## Exercise aim
Reproduce the listing below exactly, minus its pictures.

## Given data
□ □ □

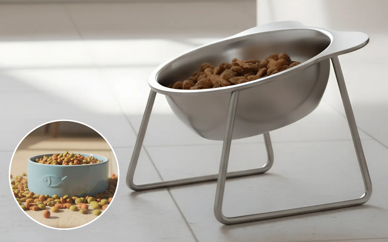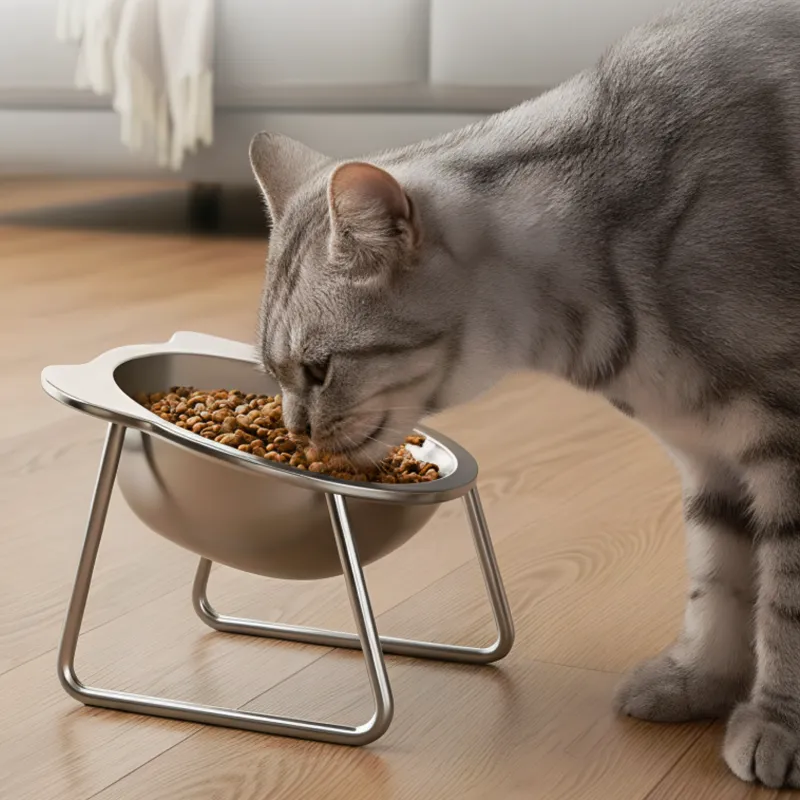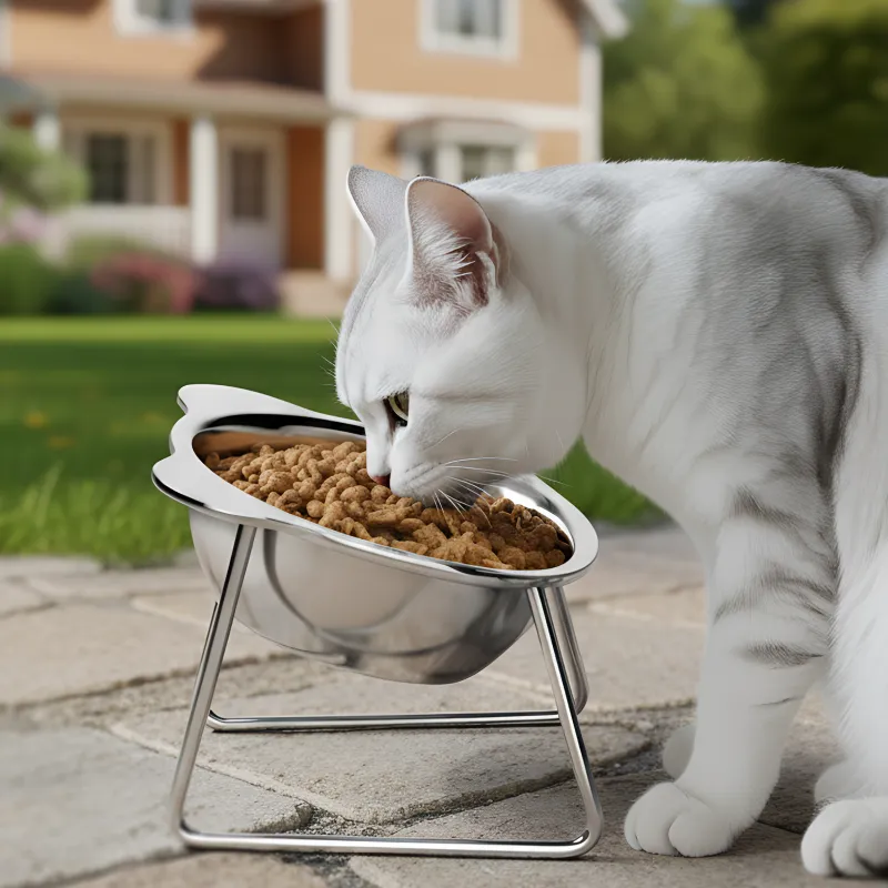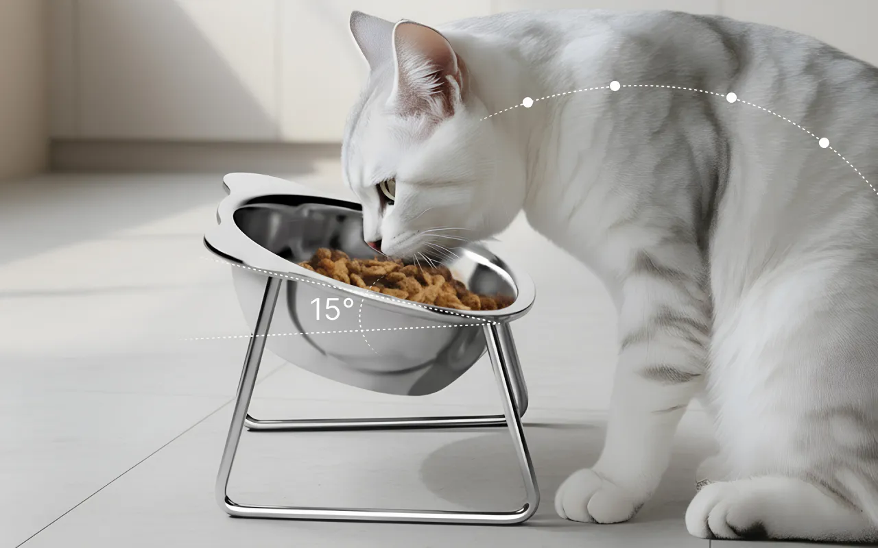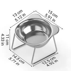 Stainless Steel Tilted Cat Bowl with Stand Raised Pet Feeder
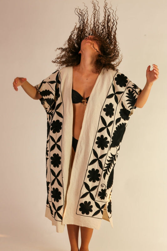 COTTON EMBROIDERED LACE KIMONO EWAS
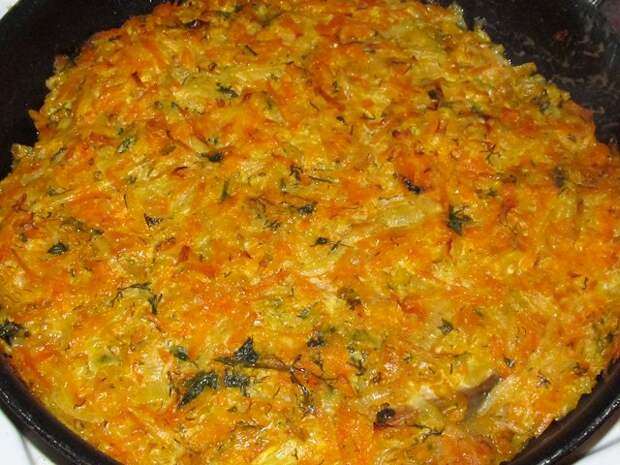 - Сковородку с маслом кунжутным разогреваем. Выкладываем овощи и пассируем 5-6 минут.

□ □ □

## Problem solution
 Stainless Steel Tilted Cat Bowl with Stand Raised Pet Feeder
 COTTON EMBROIDERED LACE KIMONO EWAS
 - Сковородку с маслом кунжутным разогреваем. Выкладываем овощи и пассируем 5-6 минут.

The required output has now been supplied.